Suggested-by: Jingbo Xu <jefflexu@linux.alibaba.com>
Signed-off-by: Baokun Li <libaokun1@huawei.com>
---
fs/erofs/internal.h | 7 ---
fs/erofs/super.c | 116 ++++++++++++++++++++------------------------
2 files changed, 53 insertions(+), 70 deletions(-)
diff --git a/fs/erofs/internal.h b/fs/erofs/internal.h
index 39c67119f43b..d28ccfc0352b 100644
--- a/fs/erofs/internal.h
+++ b/fs/erofs/internal.h
@@ -84,13 +84,6 @@ struct erofs_dev_context {
bool flatdev;
};
-struct erofs_fs_context {
- struct erofs_mount_opts opt;
- struct erofs_dev_context *devs;
- char *fsid;
- char *domain_id;
-};
-
/* all filesystem-wide lz4 configurations */
struct erofs_sb_lz4_info {
/* # of pages needed for EROFS lz4 rolling decompression */
diff --git a/fs/erofs/super.c b/fs/erofs/super.c
index c0eb139adb07..21faa49bc970 100644
--- a/fs/erofs/super.c
+++ b/fs/erofs/super.c
@@ -370,18 +370,18 @@ static int erofs_read_superblock(struct super_block *sb)
return ret;
}
-static void erofs_default_options(struct erofs_fs_context *ctx)

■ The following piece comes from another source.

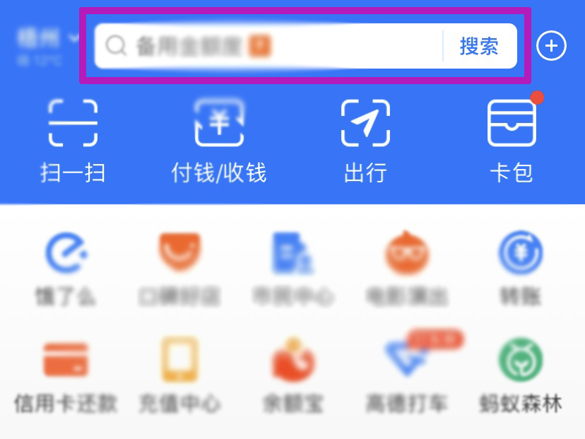 1、打开支付宝,如果没有把芭芭农场放在主页里,则需要通过搜索的方式来进入芭芭农场。

+static void erofs_default_options(struct erofs_sb_info *sbi)
{
#ifdef CONFIG_EROFS_FS_ZIP
- ctx->opt.cache_strategy = EROFS_ZIP_CACHE_READAROUND;
- ctx->opt.max_sync_decompress_pages = 3;
- ctx->opt.sync_decompress = EROFS_SYNC_DECOMPRESS_AUTO;
+ sbi->opt.cache_strategy = EROFS_ZIP_CACHE_READAROUND;
+ sbi->opt.max_sync_decompress_pages = 3;
+ sbi->opt.sync_decompress = EROFS_SYNC_DECOMPRESS_AUTO;
#endif
#ifdef CONFIG_EROFS_FS_XATTR
- set_opt(&ctx->opt, XATTR_USER);
+ set_opt(&sbi->opt, XATTR_USER);
#endif
#ifdef CONFIG_EROFS_FS_POSIX_ACL
- set_opt(&ctx->opt, POSIX_ACL);
+ set_opt(&sbi->opt, POSIX_ACL);
#endif
}
@@ -426,16 +426,16 @@ static const struct fs_parameter_spec erofs_fs_parameters[] = {
static bool erofs_fc_set_dax_mode(struct fs_context *fc, unsigned int mode)
{
#ifdef CONFIG_FS_DAX
- struct erofs_fs_context *ctx = fc->fs_private;
+ struct erofs_sb_info *sbi = fc->s_fs_info;
switch (mode) {
case EROFS_MOUNT_DAX_ALWAYS:
- set_opt(&ctx->opt, DAX_ALWAYS);
- clear_opt(&ctx->opt, DAX_NEVER);
+ set_opt(&sbi->opt, DAX_ALWAYS);
+ clear_opt(&sbi->opt, DAX_NEVER);
return true;
case EROFS_MOUNT_DAX_NEVER:
- set_opt(&ctx->opt, DAX_NEVER);
- clear_opt(&ctx->opt, DAX_ALWAYS);
+ set_opt(&sbi->opt, DAX_NEVER);
+ clear_opt(&sbi->opt, DAX_ALWAYS);
return true;
default:
DBG_BUGON(1);
@@ -450,7 +450,7 @@ static bool erofs_fc_set_dax_mode(struct fs_context *fc, unsigned int mode)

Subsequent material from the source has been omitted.